Tuhu-W (Tuhu Car Inc.) disclosed that it repurchased a total of 1.42 million Class A WVR ordinary shares on 25–26 June 2026 under its existing share-repurchase mandate approved on 5 June 2026. The purchases were made on the Hong Kong Stock Exchange for cancellation and represent 0.17% of the company’s issued share capital at the date of the mandate.
• Breakdown of repurchases – 25 June: 421,100 shares at a volume-weighted average price of HK$12.03, totalling approximately HK$5.07 million. – 26 June: 1,000,000 shares at prices between HK$11.43 and HK$11.98, with an average cost of HK$11.62, amounting to HK$11.62 million.

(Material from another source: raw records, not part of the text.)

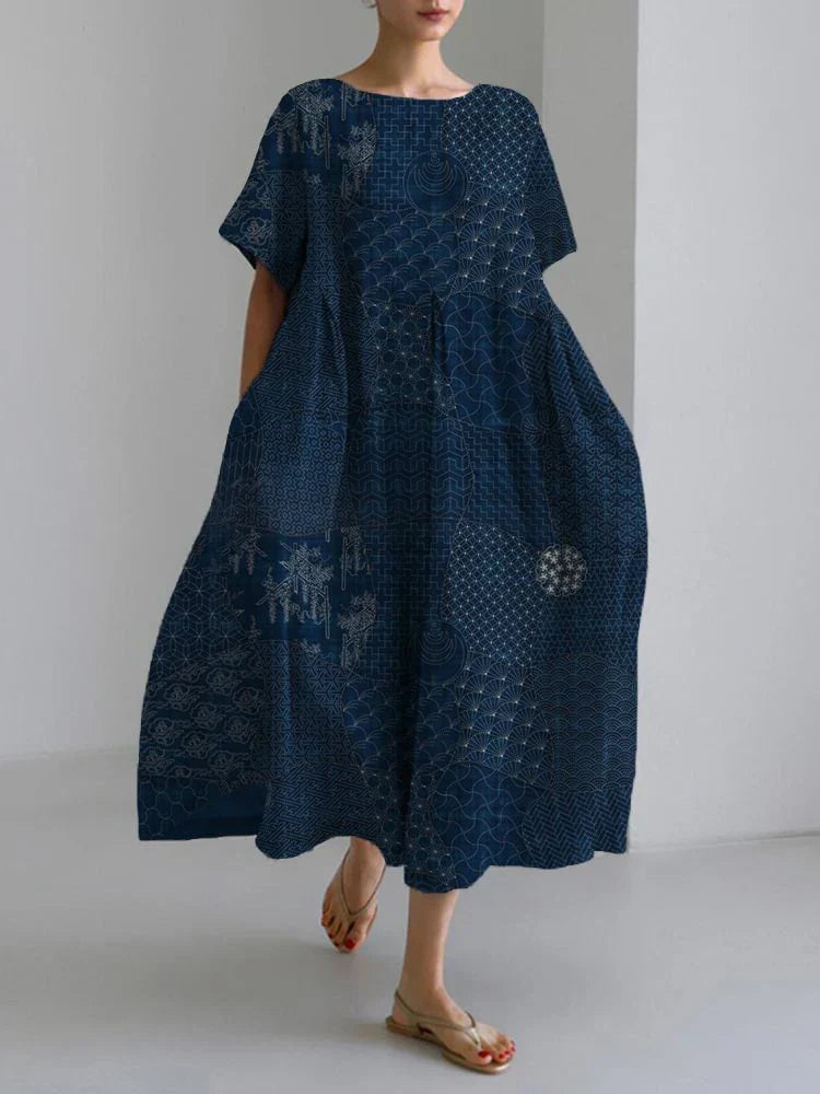 ゆったりとしたシルエットと芸術的な和柄プリントの組み合わせが絶妙で、どんなシーンでも女性らしさを引き立ててくれます。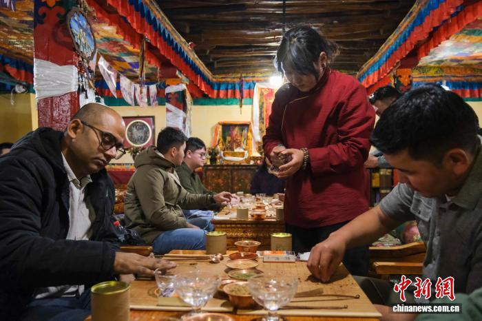 9月18日,多国媒体人员、公务人员在拉萨八廓街邦达仓古建大院体验手工藏香制作。 中新社记者 江飞波 摄
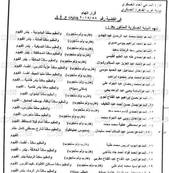 وفقًا لقرار الإحالة، فإنه لم يتم استجوابه في القضية، والتي واجه فيها تهمًا بقتل 4 أشخاص، والشروع في قتل 8 باستخدام الأعيرة النارية، وتعمد تخريب ممتلكات حكومية “مديرية الصحة بالفيوم” واستعمال القوة والعنف وتهديد أفراد الجيش والشرطة وإتلاف عمد لممتلكات الشرطة “سيارات”.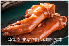 华炬新产品研究所技术咨询委员会科研人员现推荐一项华炬卤制猪蹄嫩化添加剂技术配方,该技术产品可使猪蹄肌肉纤维适度分散,促进肌红蛋白溶出,提高其嫩度和保水性,促使猪蹄和表皮紧实,肉质入味锁汁,入味均匀,同时增加猪蹄的光泽,使其在色、香、味、质达到理想的效果,使卤制猪蹄的嫩度达到最佳食用状态,且肉色较好,柔嫩多汁,所用原料无污染无毒害,符合食品添加剂使用标准,而且工艺简单,效果明显,具有广阔的工业应用前景和经济价值,现将该卤制猪蹄嫩化添加剂技术配方及实施例介绍如下供研究参考:(311211 324311)

• Aggregate outlay: HK$16.69 million.
• Issued share capital: Remains at 759.77 million shares pending cancellation of the repurchased shares.
• Remaining authority: After the latest transactions, 81.35 million shares remain available for buybacks under the 82.77 million-share mandate.
• Moratorium: In line with Hong Kong listing rules, the company is restricted from issuing new shares until 26 July 2026.
All repurchases were executed in compliance with Main Board Rule 10.06 and related regulations, according to the filing signed by Joint Company Secretary Chen Zhe.